Items from a data source:
• • • •

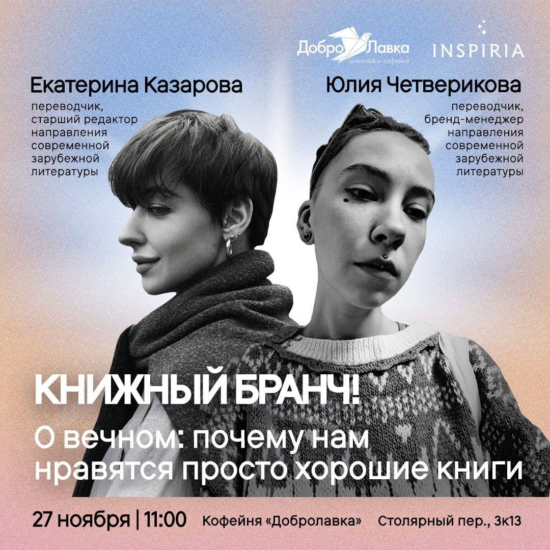 Выпьем кофе, поедим вкусного и просто, по-дружески поговорим о «вечных» книжках. О тех, которые не в повесточке и не на острие, но которые можно открыть в любое время и просто получить удовольствие. Расскажем вам о своих «вечных» и с большим удовольствием послушаем о ваших. Ну и коль скоро мы обе переводчицы и обе работаем в издательстве, то еще сможем ответить на ваши вопросы о том как мы делаем книги, если вам захочется спросить)
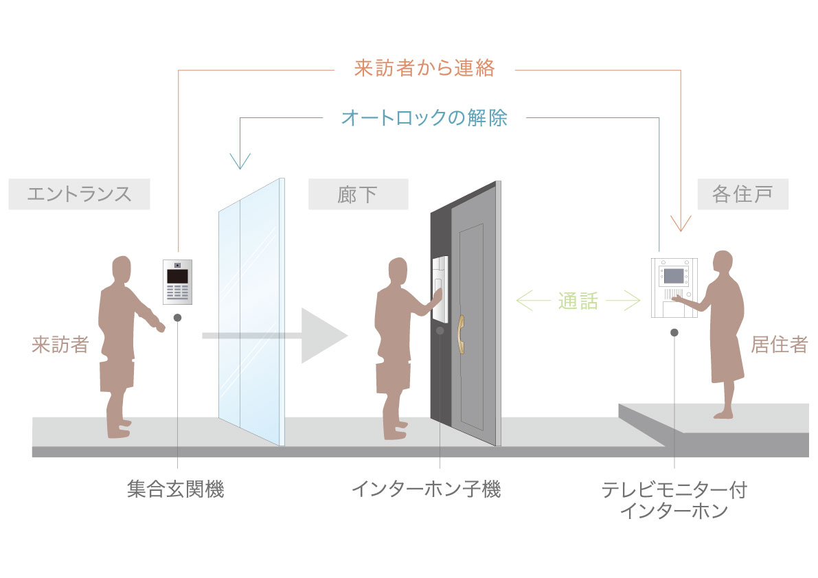 部屋に設置されたモニターで、相手を確かめてからエントランスのロックを解除でき、安全性を高めます。多様化する都市の犯罪を未然に防ぐ、優れたセキュリティシステムです。
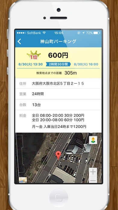 一番安い駐車場に停めたいときに、安い順に一覧で出てくるので損をしません。駐車場探しの達人になれます。
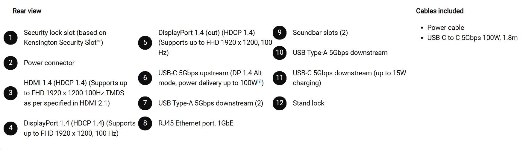 • 1 USB-C 5Gbps upstream port/s (DisplayPort 1.4 Alt Mode, Power Delivery up to 100 W)
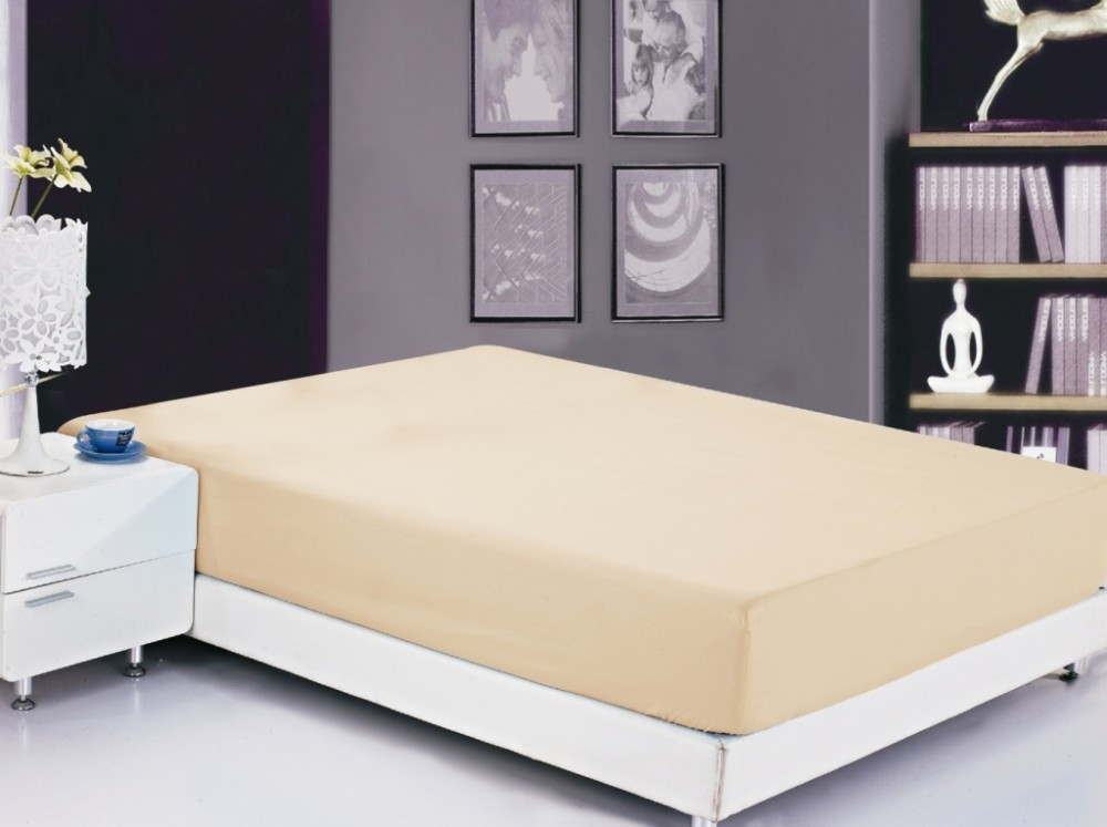 Простыни на резинке Сатин однотонные PRC-R-02 Размер 90×200 Кремовый 100% хлопок
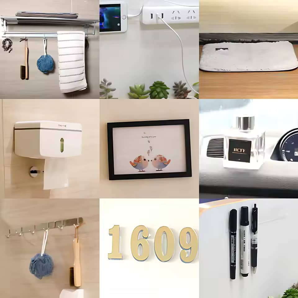 Strong grip for everything around the house.Used this tape to mount my router and some small frames. Super easy and no damage at all.
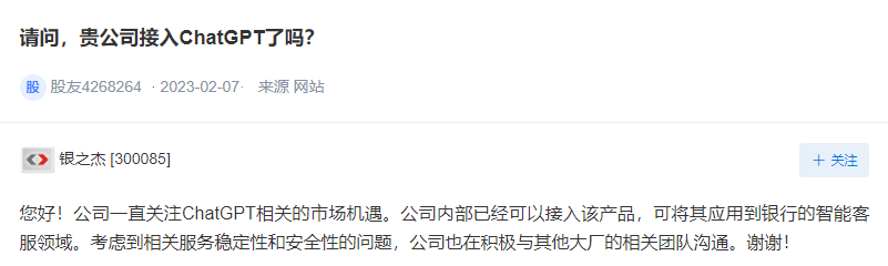 银之杰:公司内部已可接入ChatGPT相关产品 可将其应用到银行智能客服领域
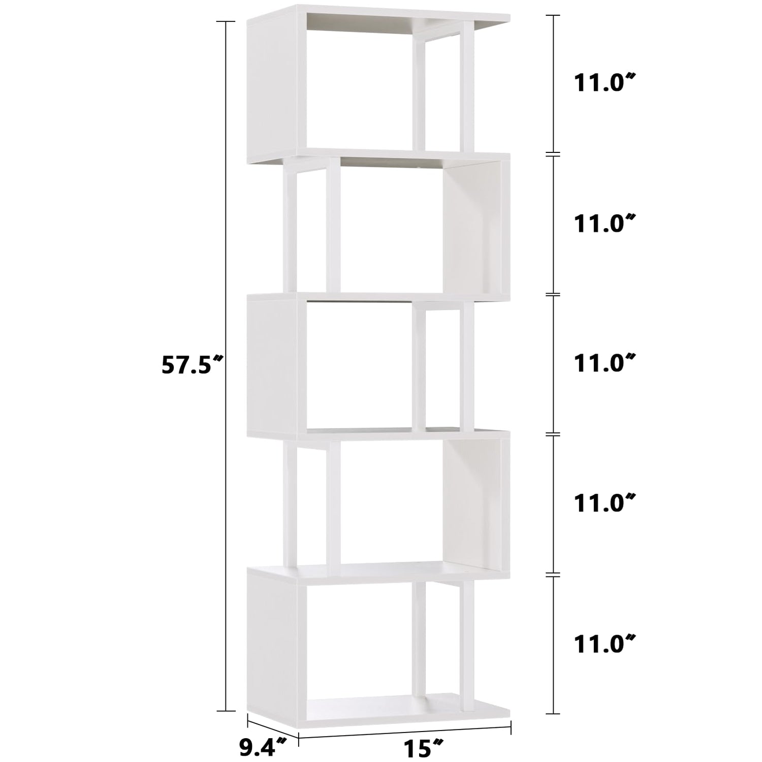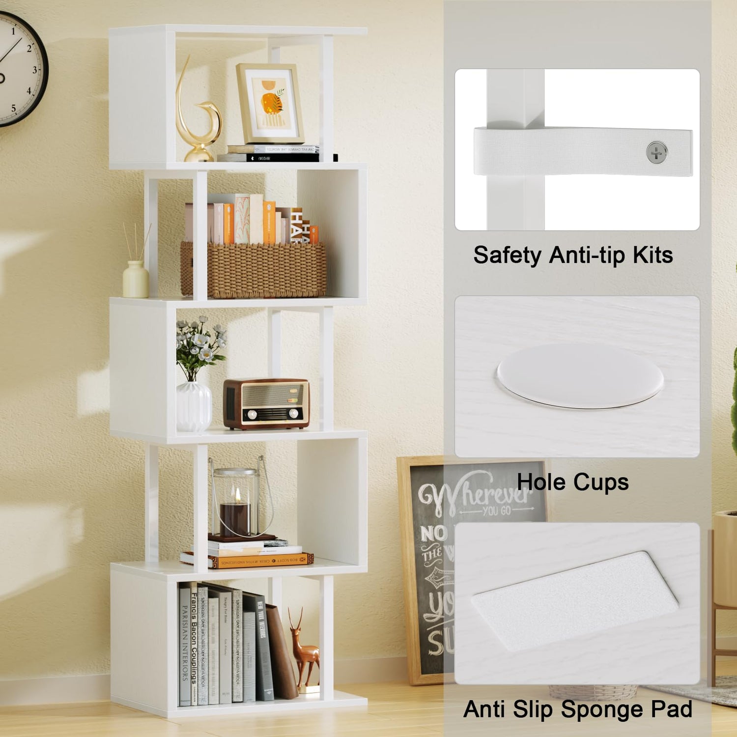- [Unique Geometric Bookshelf]: S-shaped design makes this tall white shelf a work of art, while provides large storage space, satisfies various daily needs. Each of the 6 shelves is divided into 2 compartments, perfect for organizing books, collectibles, plants, albums, and other items in a neat and orderly manner
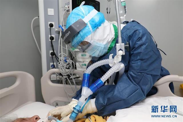 海軍軍醫(yī)大學(xué)第二附屬醫(yī)院急診、重癥醫(yī)學(xué)科護(hù)士長(zhǎng)陳靜在武漢火神山醫(yī)院為患者進(jìn)行氣管插管后的導(dǎo)管固定(2月19日攝)。新華社發(fā)(陳晨 攝)
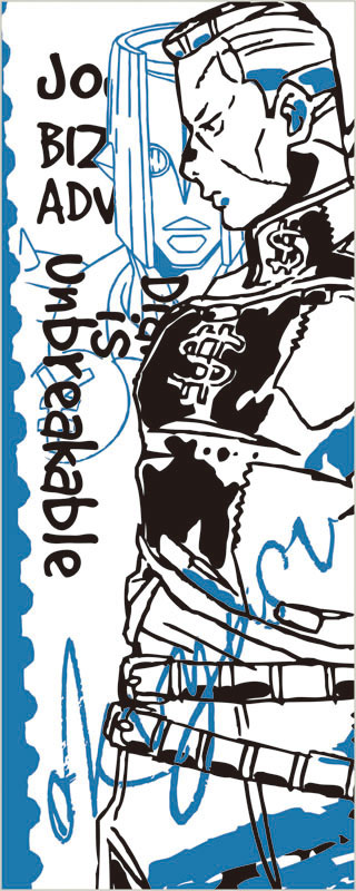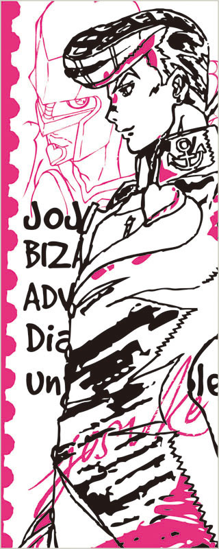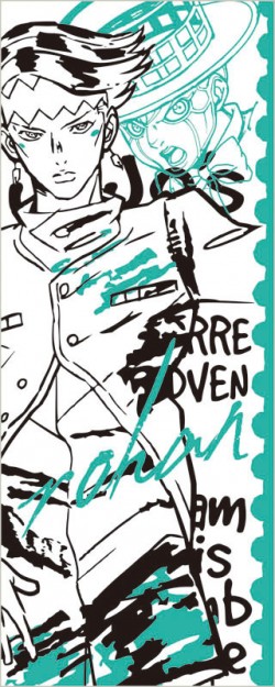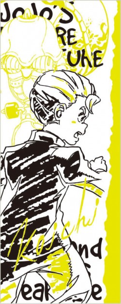仗助とスタンドのクレイジー・ダイヤモンドを描いたジャガードタオル。露伴によるスケッチをイメージした線画デザインです。
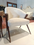 These fabric armchairs feature a subtle rounded back with tapered wooden legs. Their understated elegance fits well in vintage-inspired or modern minimalist settings. Upholstered in neutral tones for versatile placement.
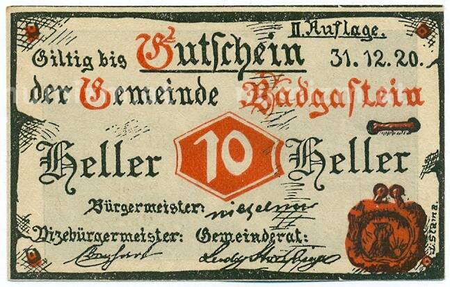 Купить 10 геллеров 1920 года Австрия — Бад-Гаштайн (Нотгельд) по привлекательной цене можно в нашем интернет-магазине — Вам достаточно оформить заказ на сайте. Все монеты, представленные в каталоге, находятся в наличии на нашем складе.
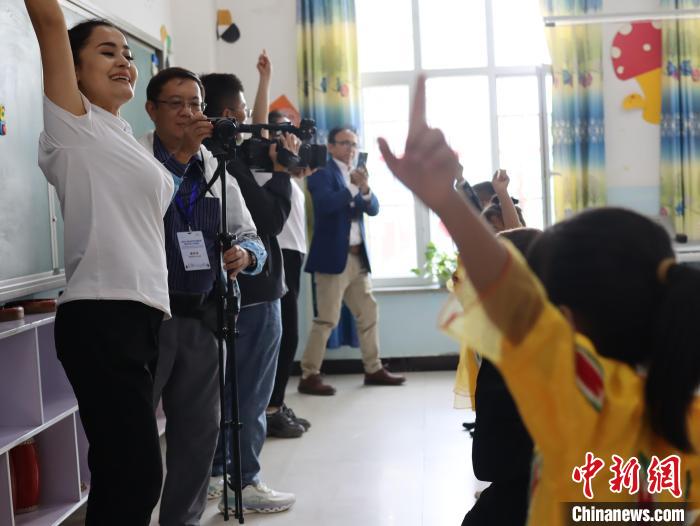 近日,泰國記者協(xié)會主席孟孔(左二)走進喀什地區(qū)疏附縣吾庫薩克鎮(zhèn)七村學校參訪?!≈行律缬浾?薄雯雯 攝
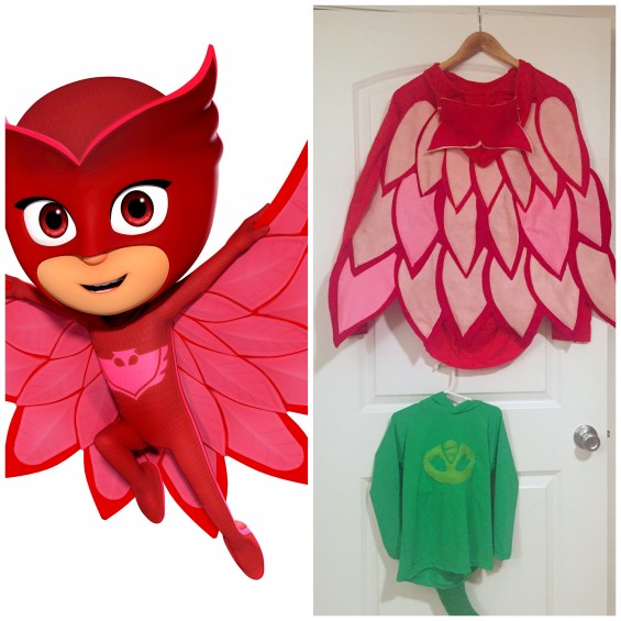 We’re going to Disney World in September, and even though Halloween will be weeks away we’ll be going to Mickey’s Not-So-Scary Halloween Party. This is H’s first trip to Disney, and it’ll be our first time at the Halloween festivities. So I asked her what she wanted her costume to be, and we looked at some Disney characters and shows that she loves. She immediately settled on PJ Masks, and she was adamant that she would be Gecko, I would be Owelette, and Adam would be Catboy.

• • • •

What the exercise asks: Transcribe the records above exactly, without images.

Response for this exercise:
 Выпьем кофе, поедим вкусного и просто, по-дружески поговорим о «вечных» книжках. О тех, которые не в повесточке и не на острие, но которые можно открыть в любое время и просто получить удовольствие. Расскажем вам о своих «вечных» и с большим удовольствием послушаем о ваших. Ну и коль скоро мы обе переводчицы и обе работаем в издательстве, то еще сможем ответить на ваши вопросы о том как мы делаем книги, если вам захочется спросить)
 部屋に設置されたモニターで、相手を確かめてからエントランスのロックを解除でき、安全性を高めます。多様化する都市の犯罪を未然に防ぐ、優れたセキュリティシステムです。
 一番安い駐車場に停めたいときに、安い順に一覧で出てくるので損をしません。駐車場探しの達人になれます。
 • 1 USB-C 5Gbps upstream port/s (DisplayPort 1.4 Alt Mode, Power Delivery up to 100 W)
 Простыни на резинке Сатин однотонные PRC-R-02 Размер 90×200 Кремовый 100% хлопок
 Strong grip for everything around the house.Used this tape to mount my router and some small frames. Super easy and no damage at all.
 银之杰:公司内部已可接入ChatGPT相关产品 可将其应用到银行智能客服领域
- [Unique Geometric Bookshelf]: S-shaped design makes this tall white shelf a work of art, while provides large storage space, satisfies various daily needs. Each of the 6 shelves is divided into 2 compartments, perfect for organizing books, collectibles, plants, albums, and other items in a neat and orderly manner
 海軍軍醫(yī)大學(xué)第二附屬醫(yī)院急診、重癥醫(yī)學(xué)科護(hù)士長(zhǎng)陳靜在武漢火神山醫(yī)院為患者進(jìn)行氣管插管后的導(dǎo)管固定(2月19日攝)。新華社發(fā)(陳晨 攝)
仗助とスタンドのクレイジー・ダイヤモンドを描いたジャガードタオル。露伴によるスケッチをイメージした線画デザインです。
 These fabric armchairs feature a subtle rounded back with tapered wooden legs. Their understated elegance fits well in vintage-inspired or modern minimalist settings. Upholstered in neutral tones for versatile placement.
 Купить 10 геллеров 1920 года Австрия — Бад-Гаштайн (Нотгельд) по привлекательной цене можно в нашем интернет-магазине — Вам достаточно оформить заказ на сайте. Все монеты, представленные в каталоге, находятся в наличии на нашем складе.
 近日,泰國記者協(xié)會主席孟孔(左二)走進喀什地區(qū)疏附縣吾庫薩克鎮(zhèn)七村學校參訪?!≈行律缬浾?薄雯雯 攝
 We’re going to Disney World in September, and even though Halloween will be weeks away we’ll be going to Mickey’s Not-So-Scary Halloween Party. This is H’s first trip to Disney, and it’ll be our first time at the Halloween festivities. So I asked her what she wanted her costume to be, and we looked at some Disney characters and shows that she loves. She immediately settled on PJ Masks, and she was adamant that she would be Gecko, I would be Owelette, and Adam would be Catboy.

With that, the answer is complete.